NTLM Authentication using IIS, ISAPI-WSGI and cherrypy
(How’s that for a snappy post title?). This is really an aide-memoire for myself since I always make this kind of thing way more complicated than it needs to be. My mission (whether or not I choose to accept it) is to have a web interface to one of our internal apps which should support transparent browser-based authentication but should fail back gracefully to anonymous access. The app in question is a Helpdesk app and some years ago I wrote a cherrypy-based web interface to it since its own desktop interface is woeful. The cherrypy app’s been running fine for some years, with incremental improvements but I’m trying to push it out to a wider (internal) audience and it could do with the speed and stability boost which a fully-fledged webserver can give it.
The machine it’s running on (via the standard cherrypy server on port 8080) is already running IIS and the pywin32 isapi module, nicely extended by the ISAPI-WSGI project, makes transferring the app fairly plain sailing. But one of the benefits of transferring to IIS was to get as smooth a passthrough authentication as possible. I had been using a fairly crude http basic auth with an authentication check at the server end, but that’s far from ideal. I hoped that by switching to IIS (and given that the official company browser is IE) I could just flick a switch and get the browser’s identity transparently.

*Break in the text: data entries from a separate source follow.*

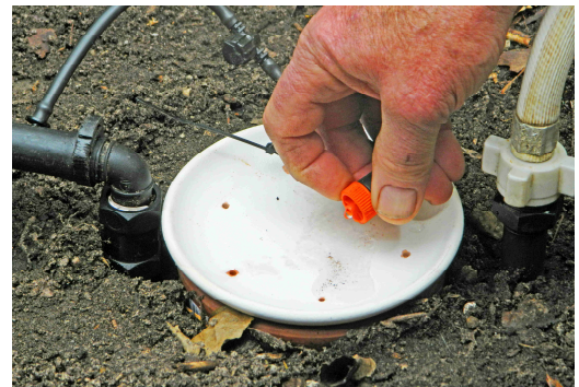
The control dripper is adjustable.

It is important to note here that the control dripper is adjustable. If you reduce the flow rate of the control dripper, it takes a lot longer for the control volume of water to drip into the pot and so the duration of the irrigation event increases and your plants get more water. On the other hand, if you increase the flow rate of the control dripper, the control volume of water drips into the pot more quickly and so the duration of the irrigation event decreases and your plants get less water. Adjust the control dripper so that the irrigation delivers the appropriate amount of water to your plants at their current stage of growth.
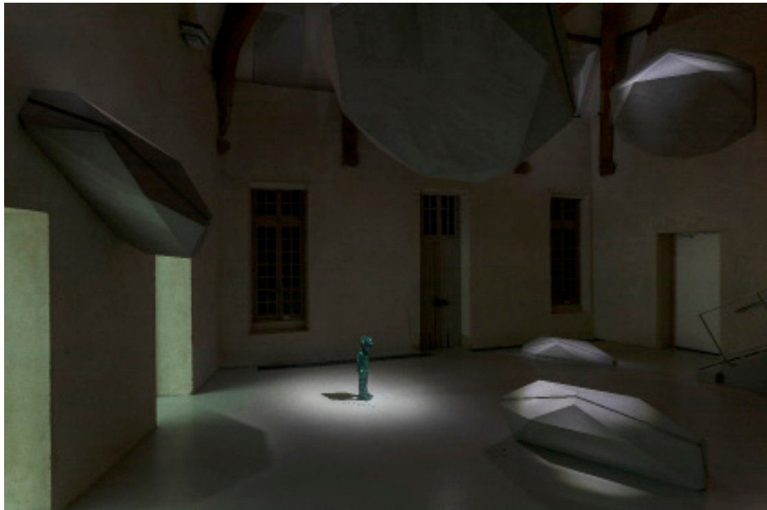
Drifting Meteors / 2020 / Installation of 5 modules / variable dimensions Contemporary Art Center La Maréchalerie

Concrete gardeners, in the style of street furniture of the 60s and typical of the development of cities and suburbs, cross the exhibition space of La Maréchalerie. Here the gardeners do not contain plants and their primary role of beautifying the city disappears. They are monolithic, sliding in space like drifting meteorites, unidentified flying objects coming to ground on earth. It mixes with a feeling of weightlessness and immateriality, a disturbing futuristic vision.
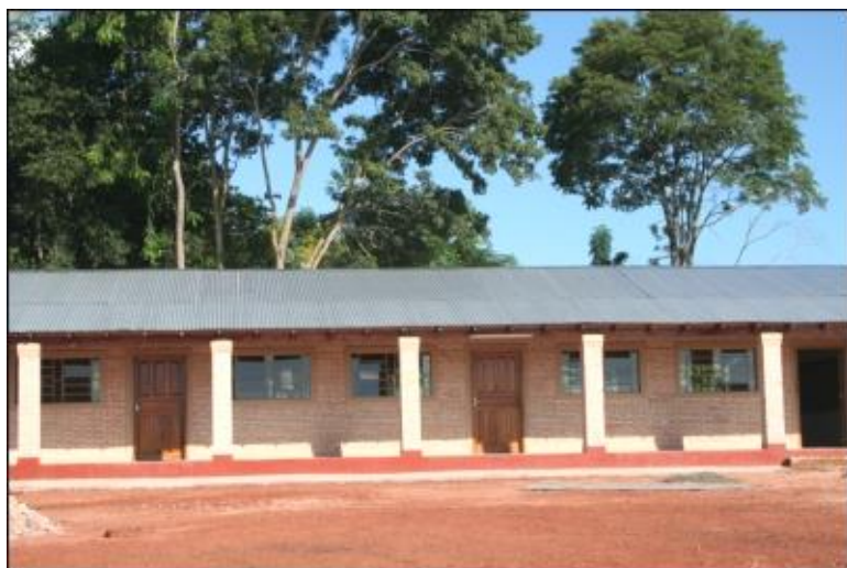
This is from the front with the new paint. On the right is the corridor with the nice new tile.

The Susannah Wesley School is just about finished! PTL! We still think that the closer the school comes to being “finished” the slower our work crew works. We’ve added a new section to our web site www.aguadevida.org , “Susannah Wesley School in Quinta Linea”, with lots more photos. Here are just a couple of recent shots.
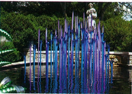
Dale Chihuly, Blue Fiddleheads and Neodymium Reeds 2010, Cheekwood Botanical Garden & Museum of Art, Nashville, Tennessee.
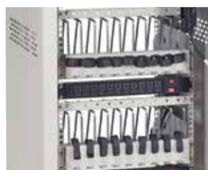
Two-piece cable managers open easily for fast cable routing.
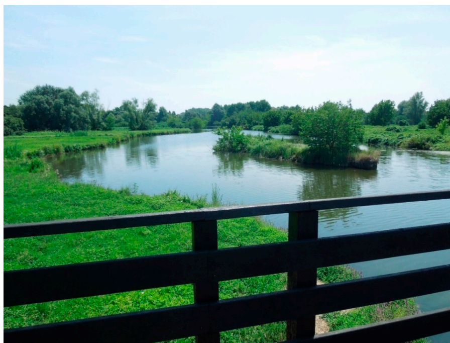
Figure 5. The walkway approaches the smaller islands without interfering with the newly recreated habitats in Parco Le Vallette. Photo Emma Salizzoni, 2020.
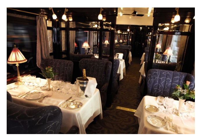
Fig. 4 | Restored Dining Car of Venice-Simplon Orient Express. Luxury Train Club.
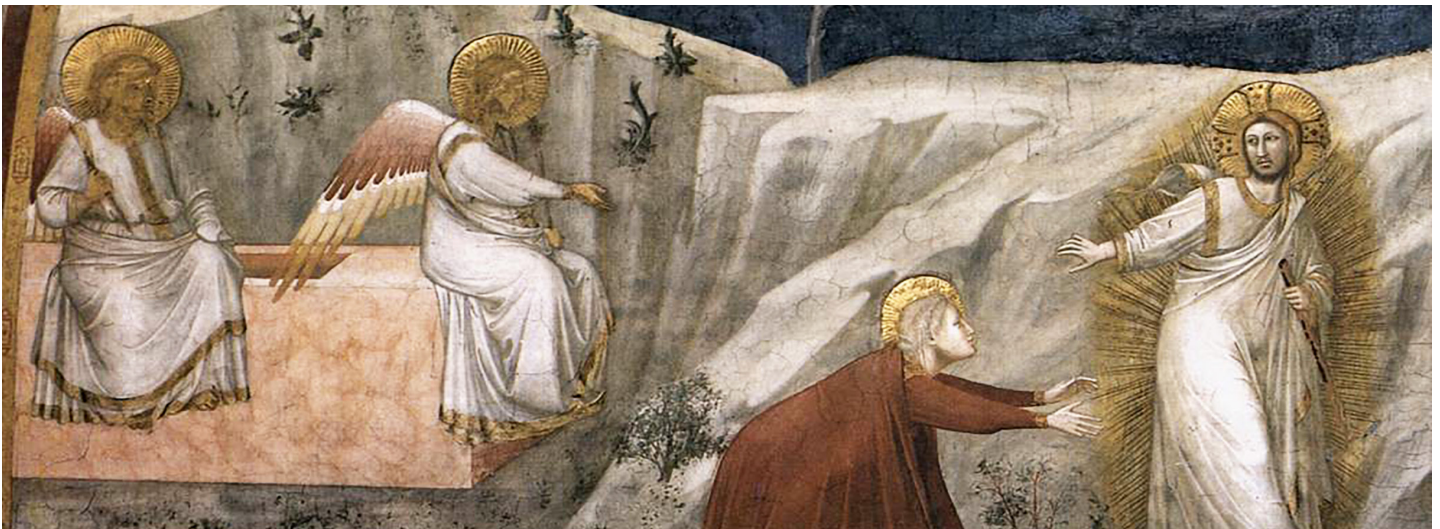
"Noli me Tangere," Giotto, 1320, Basilica of St. Francis, Assisi

Well you can, but I put two stumbling blocks in my own path: when it didn’t work immediately I tried to make it far more complicated than I need have rather than looking for a simple solution; and identity isn’t the same as an access token. So, for my future self trying to remember how to do this, and for anyone else looking for this solution, here’s the easy bit. (I’m assuming you’ve installed some kind of ISAPI-WSGI app, altho’ the same pretty much applies elsewhere).

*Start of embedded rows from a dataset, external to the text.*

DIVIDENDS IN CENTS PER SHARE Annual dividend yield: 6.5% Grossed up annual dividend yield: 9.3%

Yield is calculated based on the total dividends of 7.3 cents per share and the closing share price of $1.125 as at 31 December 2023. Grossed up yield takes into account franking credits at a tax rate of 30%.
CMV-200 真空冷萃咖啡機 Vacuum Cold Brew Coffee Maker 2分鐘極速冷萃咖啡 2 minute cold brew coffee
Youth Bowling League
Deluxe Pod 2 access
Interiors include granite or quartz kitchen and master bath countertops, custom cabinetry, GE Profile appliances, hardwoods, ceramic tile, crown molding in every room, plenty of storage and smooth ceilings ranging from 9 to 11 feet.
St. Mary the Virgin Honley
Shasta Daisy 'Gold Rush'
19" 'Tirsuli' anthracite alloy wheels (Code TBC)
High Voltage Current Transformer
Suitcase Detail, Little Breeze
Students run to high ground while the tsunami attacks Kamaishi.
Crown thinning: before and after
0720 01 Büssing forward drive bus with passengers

- In the IIS MMC snap-in find the isapi-wsgi app you’ve installed. Right-click Properties. [Directory Security] tab. Anonymous access and authentication control [Edit]. Leave [Anonymous Access] ticked. Tick [Integrated Windows Authentication]. [Ok] all the way out.

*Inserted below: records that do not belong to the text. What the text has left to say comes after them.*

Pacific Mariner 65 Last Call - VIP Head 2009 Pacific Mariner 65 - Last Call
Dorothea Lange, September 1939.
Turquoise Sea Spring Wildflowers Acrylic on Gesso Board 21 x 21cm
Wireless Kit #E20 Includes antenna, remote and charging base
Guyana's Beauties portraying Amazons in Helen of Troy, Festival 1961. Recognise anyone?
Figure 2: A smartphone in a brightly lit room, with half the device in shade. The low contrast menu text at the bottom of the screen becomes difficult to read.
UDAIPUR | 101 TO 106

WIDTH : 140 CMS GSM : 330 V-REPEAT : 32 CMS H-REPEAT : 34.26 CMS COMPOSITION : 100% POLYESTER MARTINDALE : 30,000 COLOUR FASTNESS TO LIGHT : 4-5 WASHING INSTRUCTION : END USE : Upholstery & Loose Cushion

- In your WSGI app, look for the REMOTE_USER env var. If it’s set, you’ve got a remote user. If it’s not, call start_response (”401 Unauthorized”, [(”www-authenticate”, “NTLM”)]) and return []
That’s the really brief version, and is based around the IIS 5.1 which comes free with WinXP. IE users need do no more. FF users will probably already know that they need to add the web server to the about:config param with the unmemorable name (it’s got “ntlm” and “trusted-uris” in it). Don’t know if Chrome handles this.
For my purposes, I was using cherrypy so — when I get back to work — all I should have to do is: check cherrypy.request.login which keeps track of incoming REMOTE_USER / LOGIN_USER env vars for me; and do the “401 Unauthorized” dance if I need to possibly by means of a simple pre-request cherrypy tool. The graceful anonymity will be implemented by not displaying and/or allowing certain actions if there is no remote user. Not sure yet whether I need to fail back to basic or digest auth.
The trickier bit — and the bit I haven’t yet solved — is translating the “Authorization:” header which the browser sends into something which I can persuade Windows to use to give me a session token. With the session token, I can determine whether my user’s in certain security groups or not. (I can do something from the username alone by querying AD and that’s my fallback plan). The python-ntlm project looks like it’s done all the spadework here, and especially in the clientserver branch but they also talk about the pywin32 sspi module which I’ve so far managed to avoid having anything to do with.